Starting with LumenVox version 13.0, Inline phonetic spellings will always be applied after any custom lexicons have been processed, thus allowing any inline phonetic spellings within a grammar to always be used as an alternative pronunciation, regardless of how the pronunciation of those words was previously obtained.

Prior to LumenVox version 13.0, inclusion of these inline phonetic spellings was somewhat deterministic, based on the order in which combined grammars was processed, and whether a custom lexicon containing a conflicting pronunciation for the inline inline phonetic version was defined as primary or backup type.


Word Label

Earlier, we discussed having the word appear within the curly braces as being optional. This is certainly true, however there are additional effects on having this Word Label present, as it applies to results.

As previously mentioned, the following definition would result in the phoneme string itself being returned as a result:

"{AY DH AXR}" will return AY DH AXR as a decoded result

However, when a Word Label is specified after a colon, the Word Label will be returned

"{AY DH AXR:either}" will return either as a decoded result

This subtle difference is handled in a much different way inside the ASR during processing. The form without the Word Label, for example, will have any SI associated with that phoneme string only, and will not be affected by any SI associated with the word either as defined elsewhere in the grammar.

The second form, which includes the Word Label "{AY DH AXR:either}" will be handled within the ASR simply as an alternate pronunciation of the word either, where SI rules will be shared among other definitions of either within the grammar.

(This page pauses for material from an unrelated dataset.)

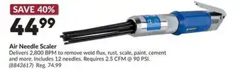 The Air Needle Scaler is available this week at Princess Auto with a valuable discount. On this page, you will find details about the current promotional price, the promotion terms, and any special discounts. You can also explore other related deals and promotions for Air Needle Scaler to make sure you get the best value.
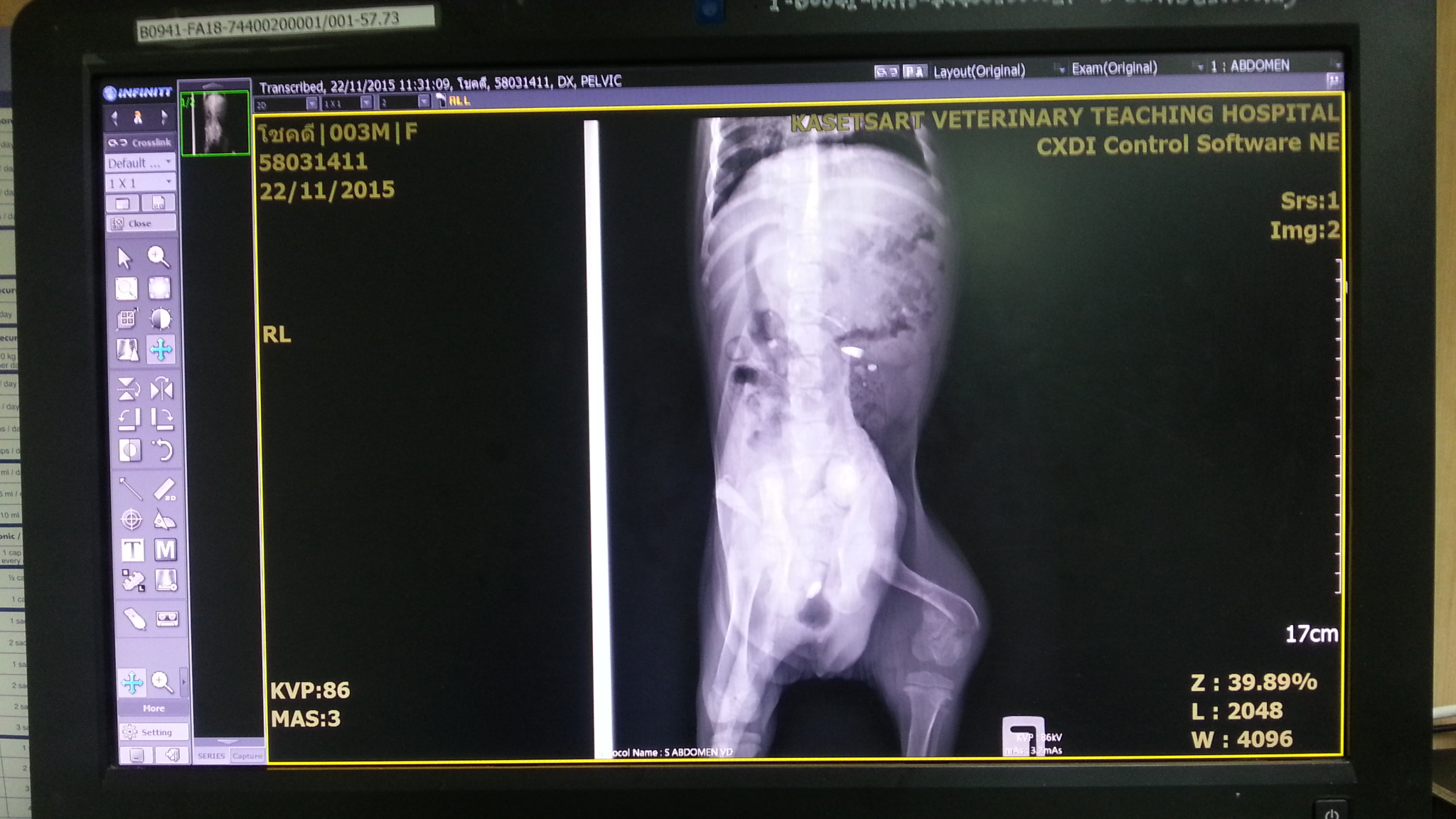 อาการคือ ช่องท้องด้านในเปิด ลำไส้และกระเพาะปัสสาวะ ออกมาจากช่องท้อง แต่ยังอยู่ในผนังหน้าท้อง (ตามรูป) กระดูกเขิงกรานหัก กระดูกขาหลังซ้ายหัก

How this subtle difference affects your grammars depends on how the grammar is written, but to clarify one aspect, users can define a rule for a word, without using a Word Label and have a SI associated with that unique phonetic sequence if desired.


Duplicate Pronunciations

As already mentioned, there are a few ways in which the pronunciation of words can be specified to the ASR during grammar processing.

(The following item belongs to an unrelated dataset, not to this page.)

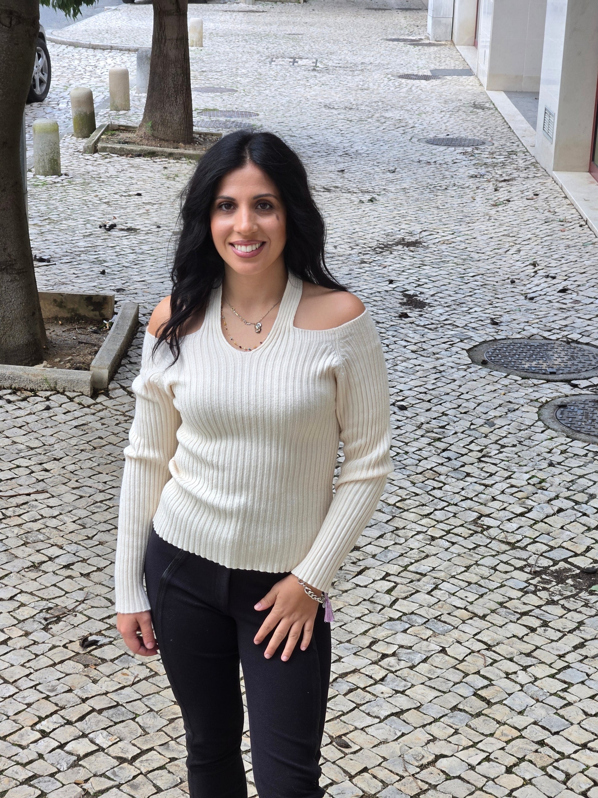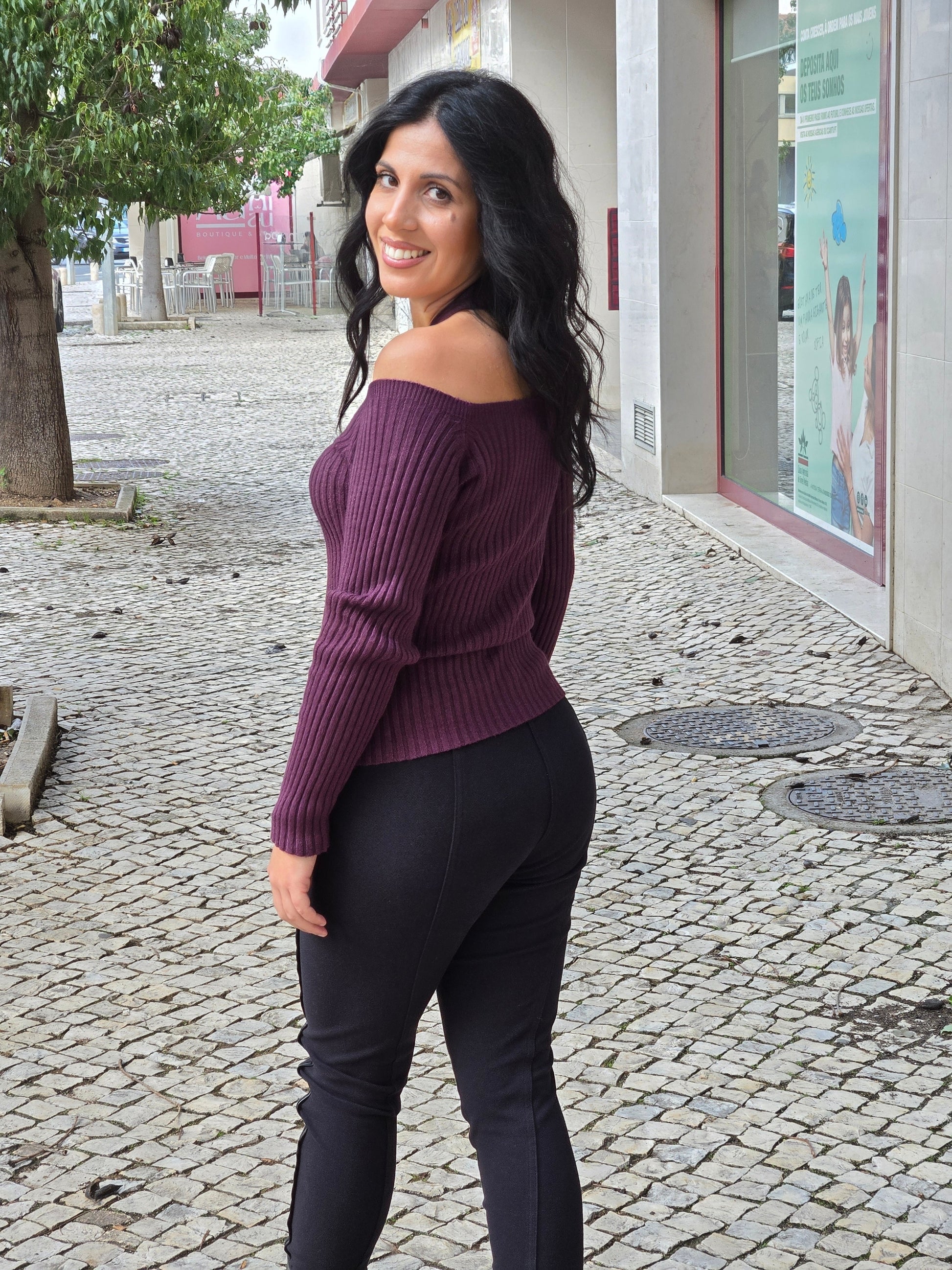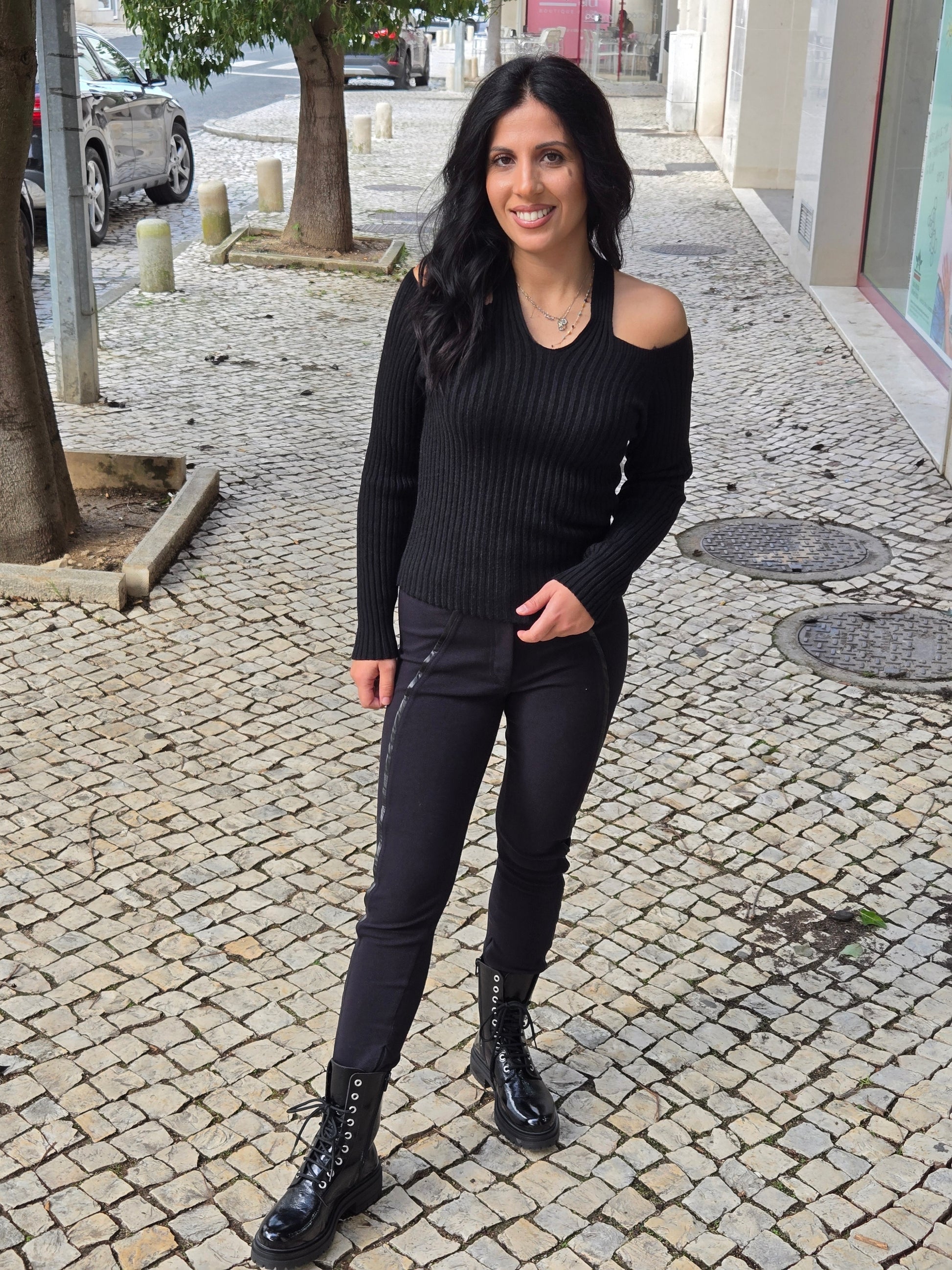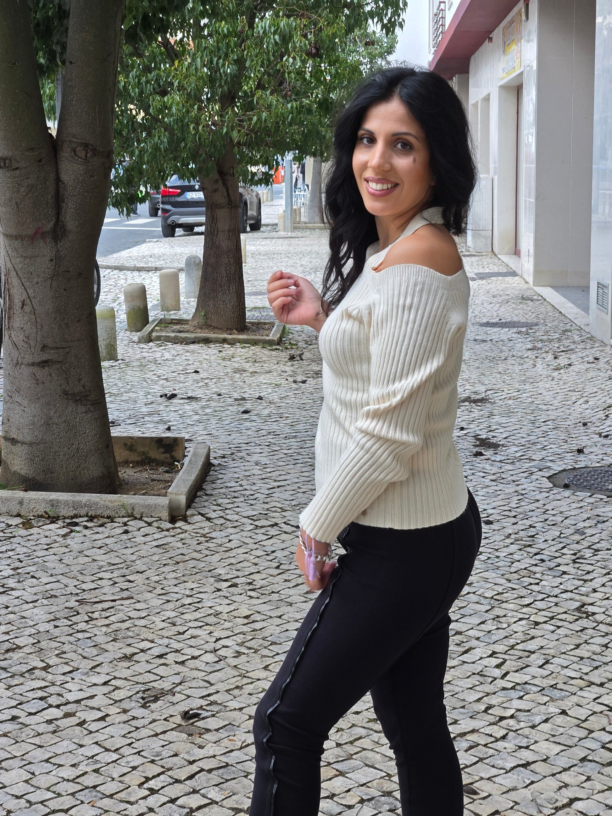 Camisola com decote em bico e mangas compridas. Detalhe de ombros descobertos.

It is therefore possible that some of these definitions match some existing pronunciation for the word. In such cases, the later definition will be ignored, since that pronunciation already exists. No additional duplicate pronunciation definitions will be added - if someone is attempting to do this in order to influence the weighting of a particular word or phrase, you should see ourApplying Grammar Weights article instead.


Combining Inline Phonemes and Other Words

Introduced in LumenVox 13.0, users can now define a rule containing a mixture of inline phonemes and regular words if a rules is needed where the combination of them is needed.

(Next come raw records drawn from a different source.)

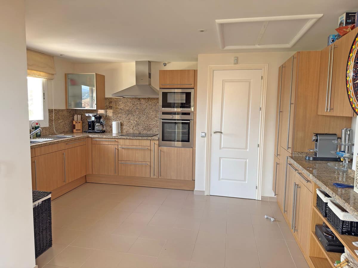 This 3-bedroom apartment features an open-plan design, seamlessly integrating a modern, fully equipped kitchen with the living area. The space opens onto a spectacular south-facing terrace and a private 80 m² garden, perfect for basking in the endless sunlight that characterizes the Costa del Sol.
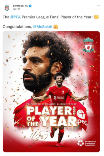 وأعلن نادي ليفربول الإنجليزي عن فوز نجمه وهدافه محمد صلاح، بجائزة أفضل لاعب في الموسم بالدوري الإنجليزي الممتاز من رابطة لاعبي كرة القدم المحترفين وفقا لتصويت الجمهور.
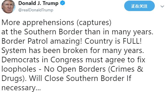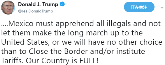 (续上)墨西哥必须逮捕所有非法移民,不要让他们通过漫长跋涉来到美国。否则,我们只能关闭边境和/或征收关税,我们别无选择,美国满了!

"{S UW P ER} cool" will return S UW P ER cool as a decoded result, only when the combined phonemes of S UW P ER and the current pronunciation definition for cool is matched.

The definition of this combination, where S UW P ER has a Word Label of super applied would be "{S UW P ER:super} cool", and would return super cool as a decoded result, when matched.

Regarding SI processing for this sort of combination, it is essentially the same, where the absence of a Word Label in the inline phonetic string will cause this rule to be processed with its own unique SI, and the presence of the Word Label would be processed as if "super cool" was decoded, and thereby share any SI among other "super cool" definitions in the grammar.